Collected data

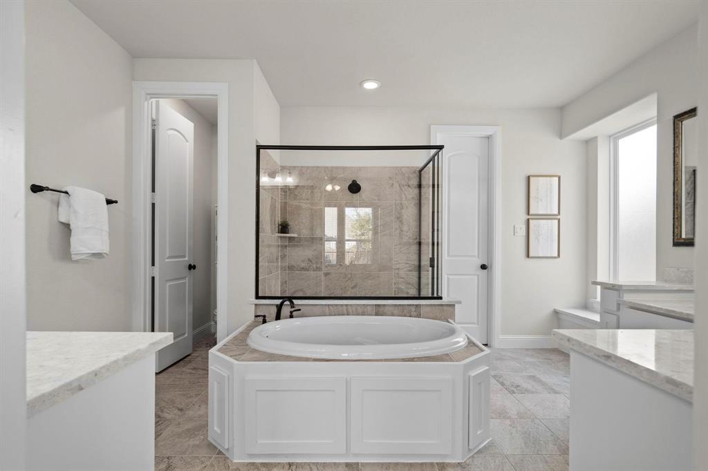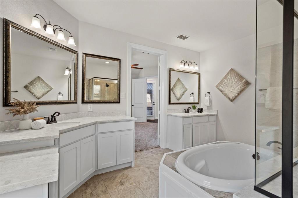 Fall in love with this stunning 5-bedroom, 4-bathroom single-family home for sale in the highly desirable Chadwick Farms neighborhood, zoned to top-rated Northwest ISD. This move-in ready, energy-efficient home offers a spacious open-concept layout with soaring ceilings, large windows, and a cozy fireplace that fills the living space with natural light. The chef-inspired kitchen boasts granite countertops, stainless steel appliances, a large center island, and abundant cabinet space—perfect for entertaining and everyday living. The luxurious primary suite features a spa-style bathroom with a soaking tub, walk-in shower, dual vanities, and a huge walk-in closet. A private downstairs bedroom with a full bath is ideal for multigenerational living or guests, and a dedicated office or optional 5th bedroom offers flexibility for work or play. Upstairs, enjoy a large game room or second living area ideal for a media room or play space. Step outside to a beautifully landscaped backyard with a private hot tub—perfect for relaxing evenings. Located in a family-friendly community offering resort-style amenities including a swimming pool, scenic walking trails, and parks, this home also provides quick access to major highways, shopping, dining, and entertainment, all with low Denton County taxes. Don’t miss your opportunity to own this modern, upgraded home in one of the area’s most sought-after communities—schedule your private tour today!
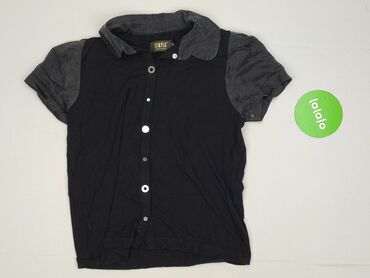 Bluzka damska SIMPLE, rozmiar z metki 38. - Kolor: czarny - Krótki rękaw z dekoracyjnymi wstawkami w białe kropeczki oraz koronką w kolorze ecru - Dekolt w serek z kołnierzykiem w groszki - Wiązan...Stan:
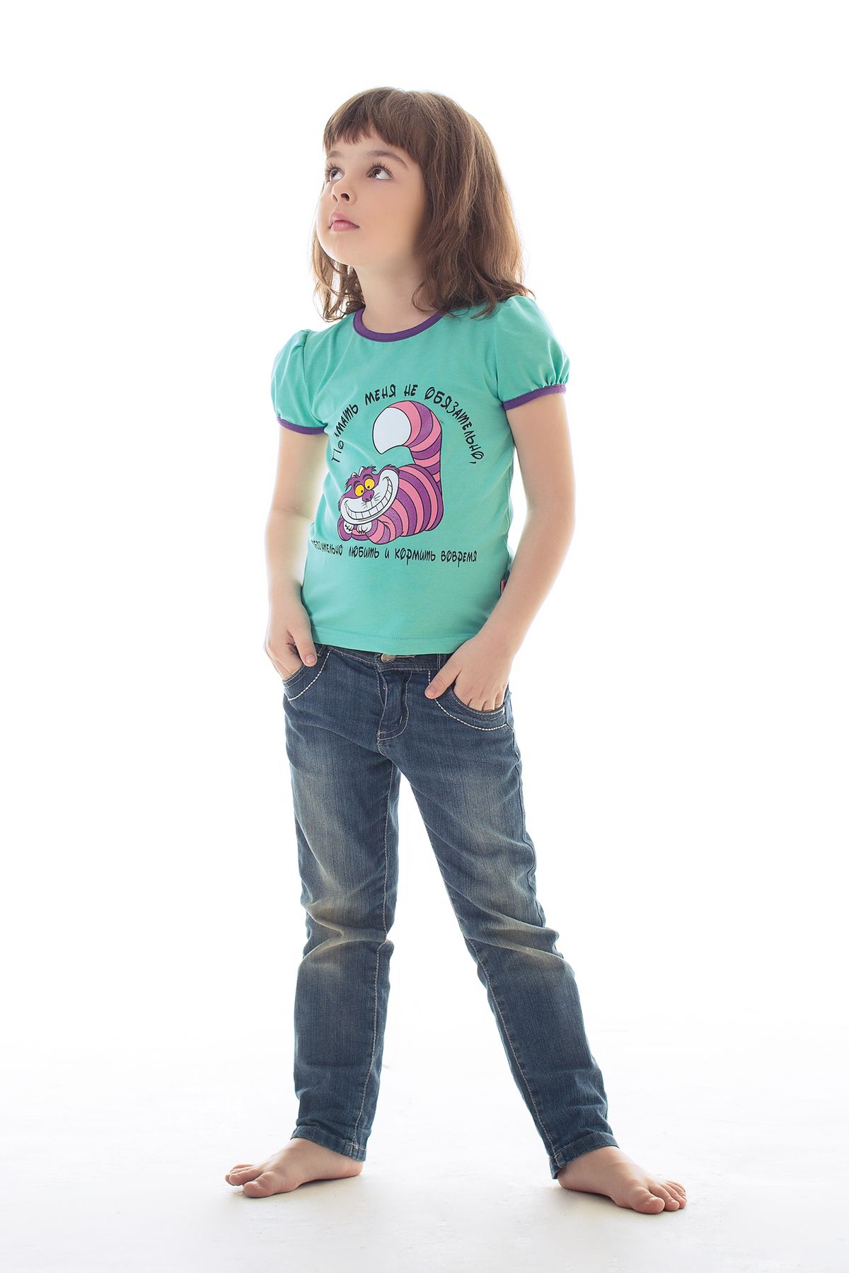 "Понимать меня не обязательно, обязательно любить и кормить вовремя", - эту фразу из сказки "Алиса в стране чудес", сказанную котом графине, с удовольствием повторят многие проказники своим родителям. Футболка с милыми фонариками на рукавах, из мягкого приятного материала.
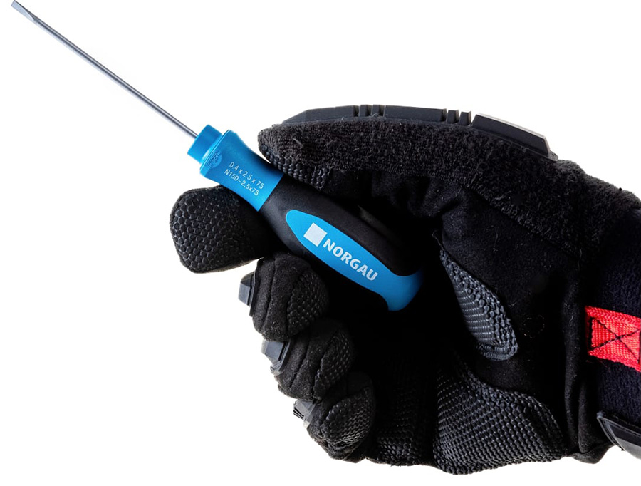 Отвертка N150-2.5х75 NORGAU; отвертка с двухкомпонентной рукояткой; хромовое покрытие наконечника; 162 мм; 0.029 кг.
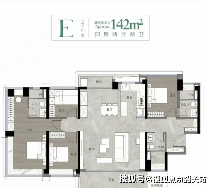 142㎡户型:大面积户型,拥有更开阔的空间感,满足大家庭的需求。
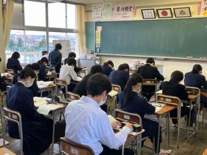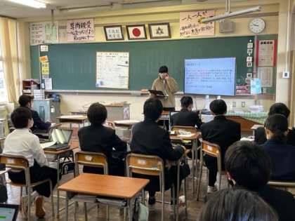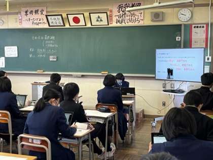 写真中:2年2組 総合 ※進路学習で高校しらべの発表を行っています。
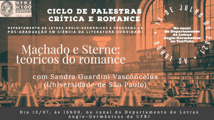 Machado e Sterne: teóricos do romance Sandra Guardini Vasconcelos (USP) Conferência: “Machado e Sterne: teóricos do romance”. Palestrante: Sandra Guardini Vasconcelos (USP). Quando? 13/07/21, às 16h00. Onde? Canal do Departamento de Letras Anglo-Germânicas da UFRJ (https://youtu.be/5VXc2jANye0). Prezados, Gostaríamos de convidá-los para participar do lançamento...

## Task goal:
Give the lines above again exactly, from the one containing "142㎡户型:大面积户型,拥有更开阔的空间感,满足大家庭的需求。" to the one containing "写真中:2年2組 総合 ※進路学習で高校しらべの発表を行っています。", both included, but leave out the pictures.

## Task output:
 142㎡户型:大面积户型,拥有更开阔的空间感,满足大家庭的需求。
 写真中:2年2組 総合 ※進路学習で高校しらべの発表を行っています。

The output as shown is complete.